I imagined the characters kept in hibernation tanks (for whatever reason) and being transported in that starship. But then the starship was attacked and badly damaged. Most of its crew is dead, and in several parts the ship is in very bad shape (with no air and gravity generators functioning, etc.), but due to its great size, other parts are still functional. Of course the starship is slowly getting worse, and as time progresses, more and more area cease to function. The adventurers must make their way through it (going through rooms, corridors, traps, etc. as in a DnD dungeon), encountering monsters (like combat droids, etc.), so until they find a mean to escape.

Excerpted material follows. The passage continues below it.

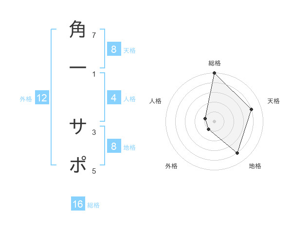 角一 サポさんの総格は16画の5点!

A variant of this adventure, is that such a great starship was carrying something extremely important that must be retrieved at all costs. Unfortunately the starship crashed onto a liquid planet similar to Neptune. As time passes, the starship is sinking deeper, so pression outsides augment, with some bad effects etc. In some places the starship is flooded; where gravity generators are out, the gravity is actually much stronger! (due to the planet's size). Finally, there is a race of giant squids (based on krakens) with psionic abilities and who can project astral-bodies of themselves, who also have an interested in this ship which has intruded their homeworld.

You see the kind of stuff I was thinking about...

I think this would make a great scenario. (BTW if someone knows if on the net can be found a map of a SW Imperial Star Destroyer, ST Enterprise, or similar vessel, this would be great)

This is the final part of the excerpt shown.